Gun control and economic discrimination: the melting-point case-in-point.

AuthorFunk, T. Marcus

"Setting a high minimum price for handguns would be an effective means of reducing availability to precisely those groups that account for the bulk of the violent crime problem."(1)

  1. Introduction

    In 1992, an estimated daily average of 36 people were murdered with handguns, 32 women were raped at gunpoint, 931 people were the victims of armed robberies, and 1557 people were assaulted with a gun in the United States.(2) During the same year, handgun crimes accounted for approximately thirteen percent of all documented violent crimes.(3) Some states have attempted to bridle such illegal firearm violence with "melting-point laws." The Illinois, South Carolina, Hawaii, and Minnesota legislatures have adopted rigid melting-point schemes designed to remove so-called Saturday Night Specials from the market.(4)

    Illinois, for example, prohibits the sale of handguns having "a barrel, slide, frame or receiver which is a die casting of zinc alloy or any other nonhomogeneous metal which will melt or deform at temperatures of less than 800 degrees Fahrenheit."(5) South Carolina and Hawaii have enacted laws virtually identical to Illinois, and Minnesota has enacted a similar law which has a 1000 degree melting point requirement and prohibits handguns with less than a certain "tensile strength" (resistance of the metal to longitudinal stress) and handguns that are made of a powdered metal less than a certain density.(6)

    The net effect on the handgun market is hard to determine precisely, but in South Carolina, the melting-point laws, along with Bureau of Alcohol, Tobacco, and Firearms regulations, have resulted in bans on approximately ten percent of the handguns available on the retail market.(7) It is undisputed, however, that the handguns which fail to meet the melting-point requirements are made of cheaper materials and are the least expensive.(8) While there are manufacturers that produce handguns which both meet the melting-point standards and are less expensive than the premium makes, the sub-group of guns banned by the melting-point laws is the most affordable, and therefore the most accessible, segment of the handgun market.(9) Thus, the net effect of the melting-point laws has been to eliminate the most affordable segment of handguns from the market.(10)

    The primary arguments made in support of melting-point laws are threefold: (1) handguns which lack "quality materials" also often lack adequate safety and accuracy mechanisms and, thus, are not useful to sportsmen;(11) (2) handguns not meeting the melting-point requirements are made of softer metal, therefore making it more difficult for ballistics experts to identify these guns, and making it easier for criminals to file off the serial numbers;(12) and (3) the Saturday Night Specials which the melting-point laws target are the weapons of choice for criminals, and their removal from the marketplace will therefore reduce the criminals' access to firearms.(13)

    On the other hand, a compelling argument can be made that melting-point laws (1) are arbitrary in determining which handguns they ultimately remove from the market; (2) may have a negative effect on the ability of the police to track down criminals through the use of ballistics tests; (3) do not contribute to crime reduction; and (4) discriminate against the poor who cannot afford to purchase more expensive handguns.

    This Comment will endeavor to avoid the emotionalism which tends to permeate the gun control controversy by focusing on possible legal, factual, and policy flaws which may undermine the arguments advanced in justification of the melting-point laws.

    Il.

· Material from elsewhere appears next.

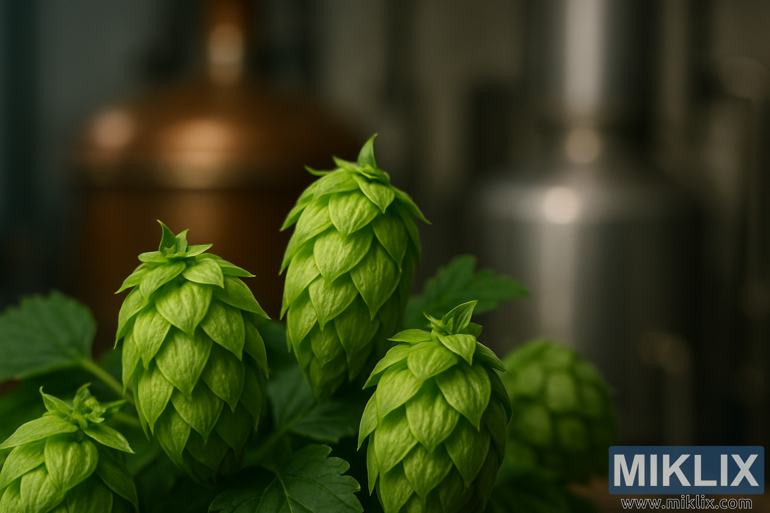 신선한 글레이셔 홉 콘은 자연광에서 빛나고, 수지 질감은 흐릿한 양조 도구에 대비되어 더욱 돋보이며, 수제 드라이 홉핑에서의 역할을 보여줍니다.

The Justifications Offered in Support of

    Melting-Point Laws



      This argument is misleading. It erroneously assumes that the only legitimate use of handguns will be for sport. Many citizens buy handguns for self-defense, not target shooting;(14) indeed, a significant percentage of the public agrees that "personal protection" is a legitimate reason for owning a gun,(15) and at least one-half of all U.S. households keep firearms.(16) Most importantly, criminologists and criminal law scholars have increasingly begun to agree that the public is right.(17)

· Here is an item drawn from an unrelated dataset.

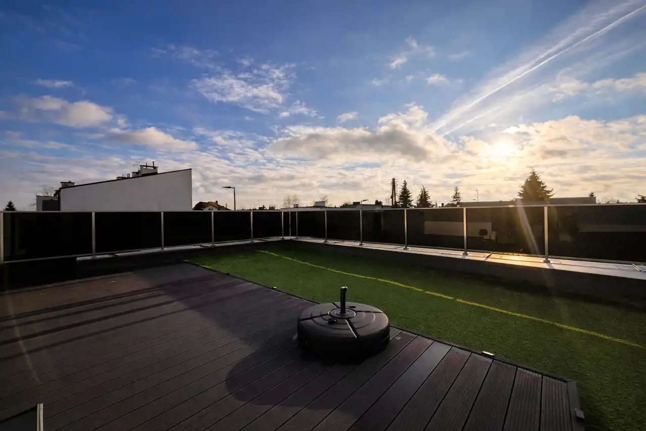 Ta komfortowa oaza ciszy i spokoju o powierzchni użytkowej 73,95 m2 składa się z salonu z aneksem kuchennym, z którego jest wyjście na ogromny taras (strona południowa) o powierzchni około 85 m2, dwóch sypialni, garderoby, spiżarki, przedpokoju i dużej, wygodnej łazienki.

      But the notion that usefulness for a "sporting purpose" should be a qualifying factor in handgun regulation is not rejected only by those who own guns. Using this criterion to differentiate between acceptable and unacceptable handguns fails to recognize other legitimate purposes for acquiring a handgun. The 1968 Gun Control Act clearly recognized that sporting uses are not the only legitimate purposes for acquiring a handgun: "[Il t is not the purpose of this title to place any undue or unnecessary Federal restrictions on handguns and law-abiding citizens with respect to the acquisition, possession, or use of firearms appropriate to the purpose of hunting, trapshooting, target shooting, personal protection or any other lawful activity ...."(118) Therefore, the argument that sportsmen will not find these guns useful appears to miss the mark, since it ignores the fact that the primary reason for most legal handgun purchases is legitimate self-defense - a use to which guns are put between one million and 2.5 million times a year.(19)

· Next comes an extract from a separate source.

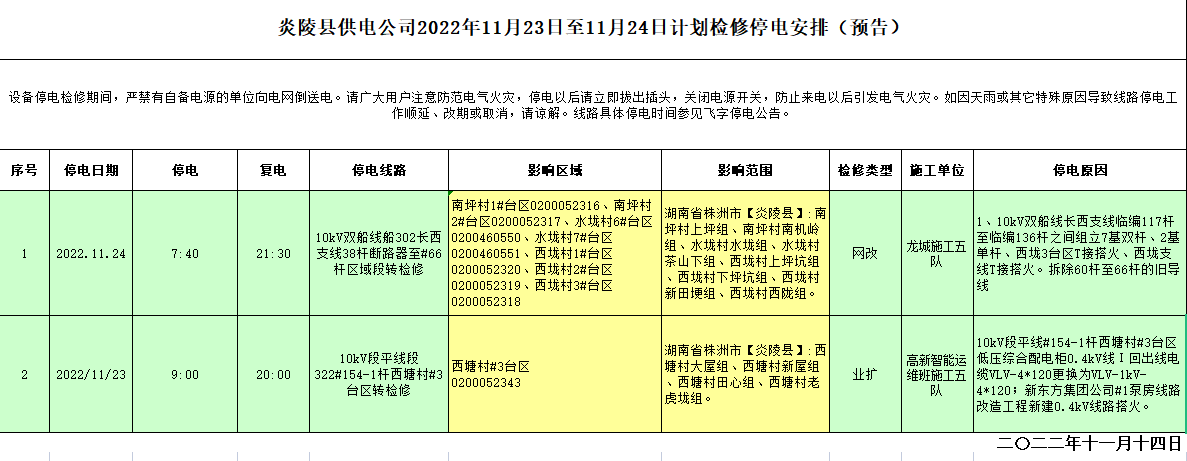 炎陵县供电公司2022年11月23日至11月24日计划检修停电安排(预告)

      According to ballistics experts, cheaper guns, such as those which do not meet the melting-point law requirements, are no harder to trace ballistically than their more expensive counterparts.(20) A brief discussion of ballistics demonstrates the reasons for this.

      "Tool marks" are impressions made to either the bullet or the cartridge case by irregularities in the handgun's barrel, firing pin, chamber, or cylinder (cuts, nicks, striations, etc.). Ballistics experts use these irregularities to match a specific bullet or cartridge to a specific gun.(21) For example, a metallurgical irregularity in the breach face, firing pin, chamber, extractor, or ejector may leave unique and ballistically traceable marks on the cartridge.(22) Similar marks can be made when the bullet passes through the bore of the gun.(23)

      Contrary to the assertions made by advocates of melting-point laws, cheaper guns are more likely to be identifiable than their costlier counterparts simply because the more expensive guns have fewer irregularities, and the irregularities which do exist are more permanent due to the hardness of the alloys.(24) While some may contend that this is irrelevant, since the inferior metal used in the cheaper guns causes the irregularities to ultimately "wear off" after repeated use (e.g., a nick in the bore of the gun may disappear after repeated firings), this argument loses its persuasive appeal when one considers that the cheaper guns will rarely, if ever, be fired, since they are not intended to be used for sport or for target practice.(25) Additionally, since the cheap Saturday Night Specials have a higher rate of cylinder misalignment, it is more likely that the bullet will retain a "misalignment mark" after it has exited the barrel.(26)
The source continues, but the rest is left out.